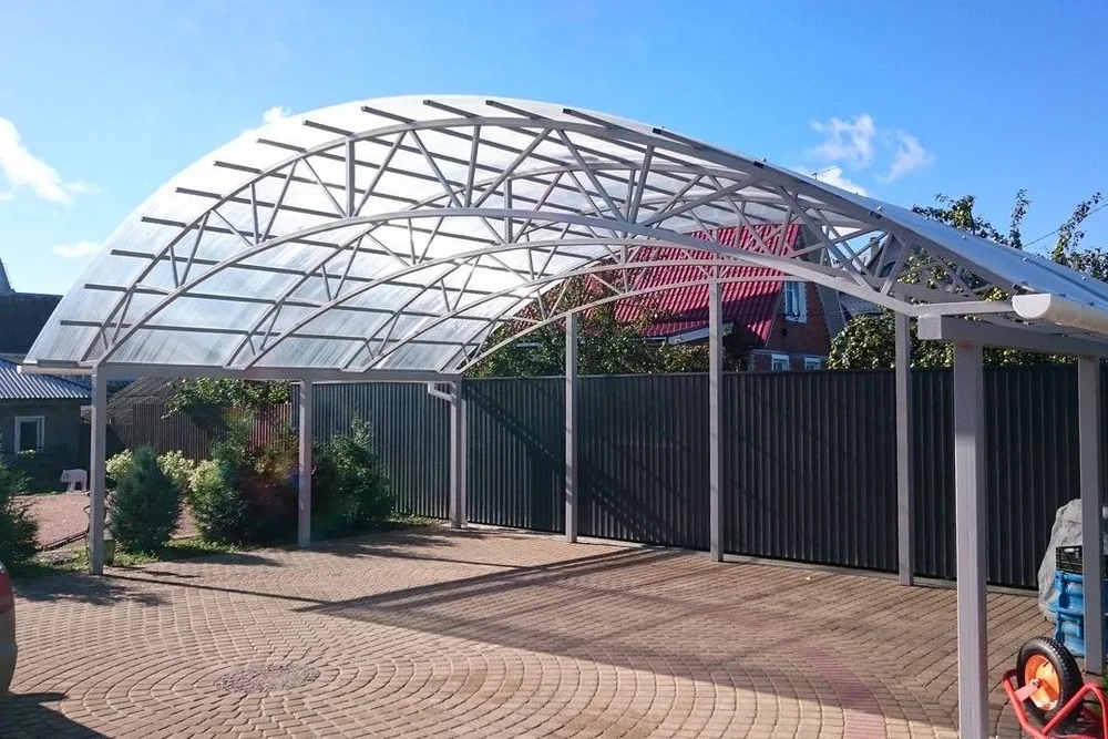 Также сотовый поликарбонат применяется при производстве рекламных щитов, вывесок и надписей, различных арочных конструкций с малыми радиусами изгиба - летние кафе, витражи, козырьки, парники, оранжереи и теплицы.
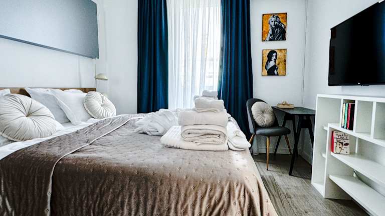 Die LuxArt City Spa Gallery Residence Krk bietet Übernachtungsmöglichkeiten mit Gartenblick und eine Vielzahl an Annehmlichkeiten, darunter einen Außenpool, einen Garten, eine Terrasse und eine Bar. Es stehen kostenlose Fahrräder zur Verfügung und es ist kostenloses WLAN sowie Privatparkplätze vorhanden. Zusätzliche Einrichtungen umfassen einen Whirlpool und Grillmöglichkeiten.
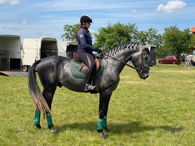 🏆Due to his elegant movement and appearance, I would primarily recommend him for dressage, but he would also excel as an all-around horse. I would confidently recommend him for advanced children who wish to compete, of course, under the supervision of a trainer or experienced rider due to his young age. He loves human company, is curious, and is free from bad habits. He has great potential and ability, making him an excellent competitor.
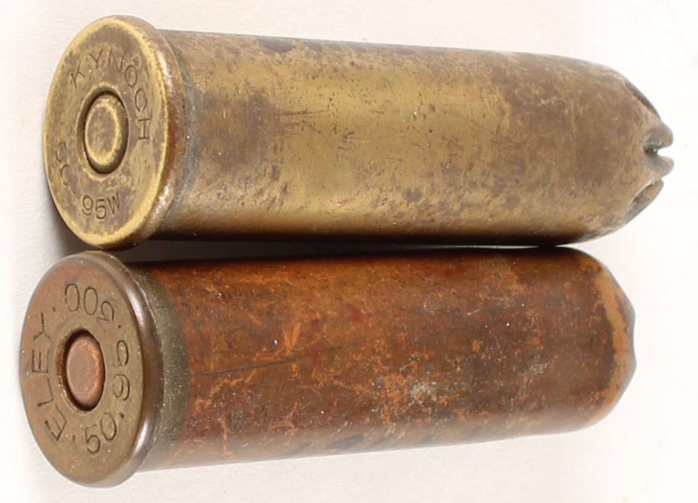 Lot of 2, 50-95 EX, Blanks, 1 Eley .50-95-300 Fl. Cop. Pri., 8 petal rose crimp, 1 KYNOCH .50-95 W, Fl Br. Pril, 9 petal rose crimp. Grade: Excellent - Value: 50 to 200
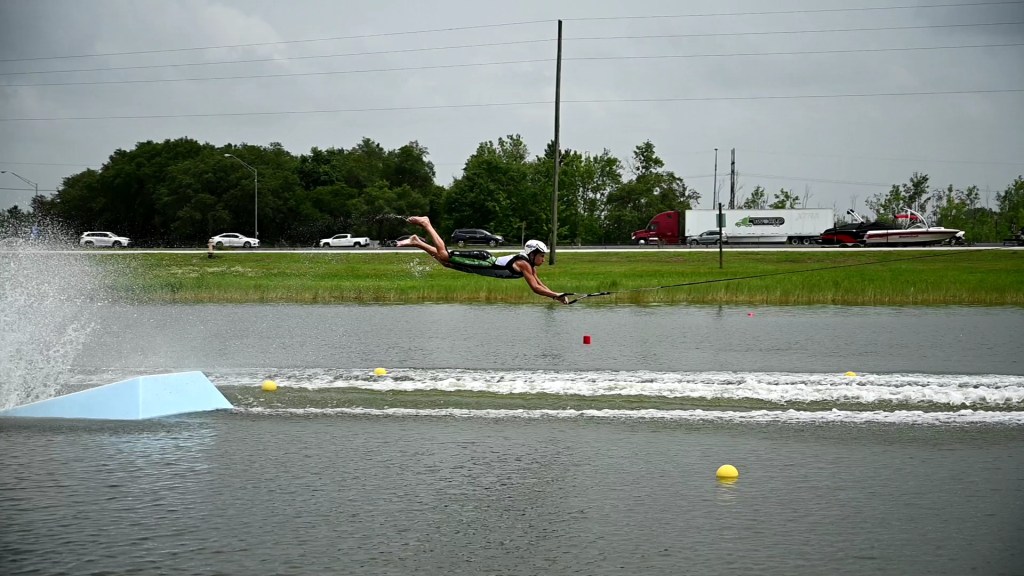 Carter Boerman took advantage of the timing to make a statement on the barefoot ramp. The 15-year-old boosted a 15.9-meter picture-perfect inverted jump to launch into the Open Men’s division. He also scored 5000 in tricks to make his way into Open Pro! Wait, whaaaat? To top it all off he scored a 14 in wake slalom to cut into Open Men’s and create a trifecta of personal bests in this breakthrough tournament! This kid is on fire!
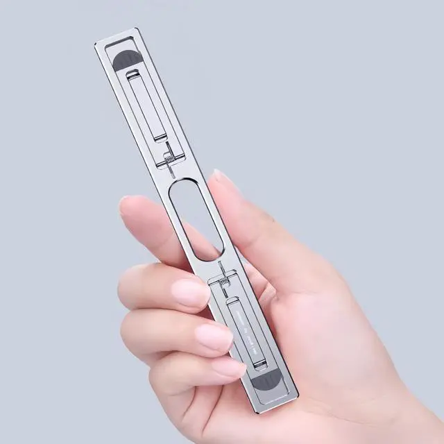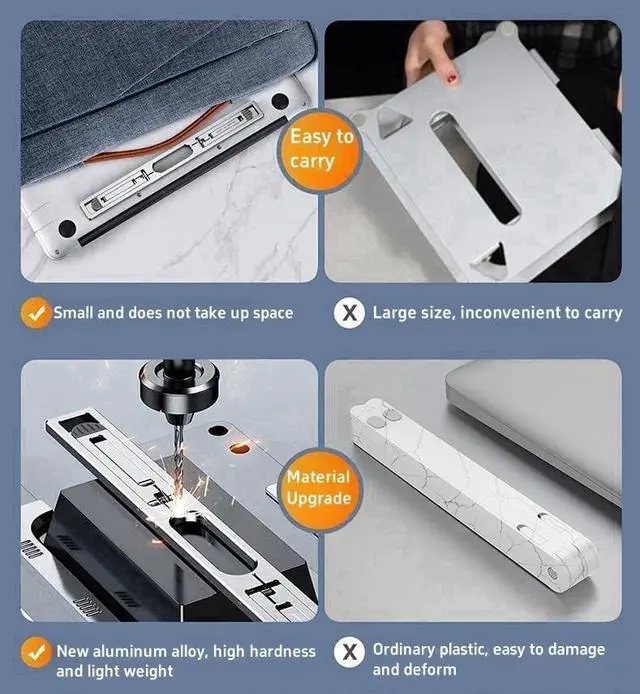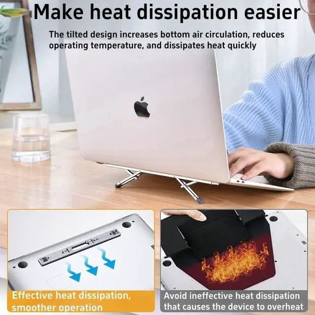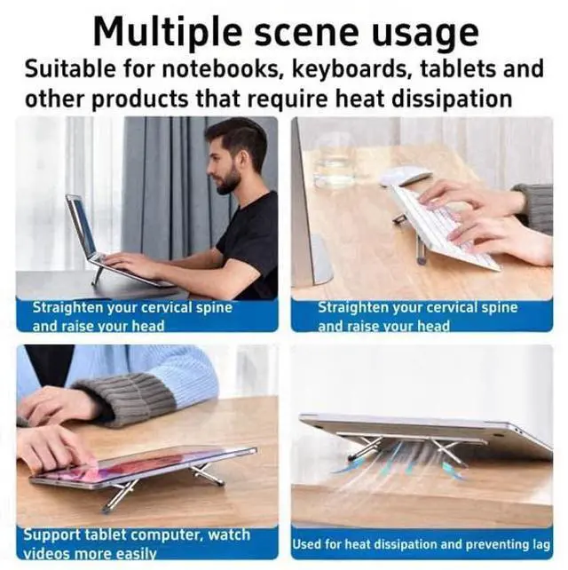 1. Experience ultimate portability with our folding invisible stand for laptop, designed to be compact and lightweight, making it the perfect portable laptop stand for office or travel. ^^ 2. Adjust your laptop to the perfect height with our laptop stand adjustable height feature, which offers four-level adjustments to promote ergonomic comfort and reduce cervical fatigue. ^^ 3. Our foldable laptop stand features durable pop up leg stands laptop technology, ensuring a stable and sturdy base for your device, enhancing heat dissipation performance. ^^ 4. The mini laptop stand boasts a frosted metal finish with a delicate texture, blending seamlessly with any desk aesthetic.

* WHAT YOU HAVE TO DO
Because pictures are not wanted, give every entry above again exactly without them.

* TASK RESPONSE
 Также сотовый поликарбонат применяется при производстве рекламных щитов, вывесок и надписей, различных арочных конструкций с малыми радиусами изгиба - летние кафе, витражи, козырьки, парники, оранжереи и теплицы.
 Die LuxArt City Spa Gallery Residence Krk bietet Übernachtungsmöglichkeiten mit Gartenblick und eine Vielzahl an Annehmlichkeiten, darunter einen Außenpool, einen Garten, eine Terrasse und eine Bar. Es stehen kostenlose Fahrräder zur Verfügung und es ist kostenloses WLAN sowie Privatparkplätze vorhanden. Zusätzliche Einrichtungen umfassen einen Whirlpool und Grillmöglichkeiten.
 🏆Due to his elegant movement and appearance, I would primarily recommend him for dressage, but he would also excel as an all-around horse. I would confidently recommend him for advanced children who wish to compete, of course, under the supervision of a trainer or experienced rider due to his young age. He loves human company, is curious, and is free from bad habits. He has great potential and ability, making him an excellent competitor.
 Lot of 2, 50-95 EX, Blanks, 1 Eley .50-95-300 Fl. Cop. Pri., 8 petal rose crimp, 1 KYNOCH .50-95 W, Fl Br. Pril, 9 petal rose crimp. Grade: Excellent - Value: 50 to 200
 Carter Boerman took advantage of the timing to make a statement on the barefoot ramp. The 15-year-old boosted a 15.9-meter picture-perfect inverted jump to launch into the Open Men’s division. He also scored 5000 in tricks to make his way into Open Pro! Wait, whaaaat? To top it all off he scored a 14 in wake slalom to cut into Open Men’s and create a trifecta of personal bests in this breakthrough tournament! This kid is on fire!
 1. Experience ultimate portability with our folding invisible stand for laptop, designed to be compact and lightweight, making it the perfect portable laptop stand for office or travel. ^^ 2. Adjust your laptop to the perfect height with our laptop stand adjustable height feature, which offers four-level adjustments to promote ergonomic comfort and reduce cervical fatigue. ^^ 3. Our foldable laptop stand features durable pop up leg stands laptop technology, ensuring a stable and sturdy base for your device, enhancing heat dissipation performance. ^^ 4. The mini laptop stand boasts a frosted metal finish with a delicate texture, blending seamlessly with any desk aesthetic.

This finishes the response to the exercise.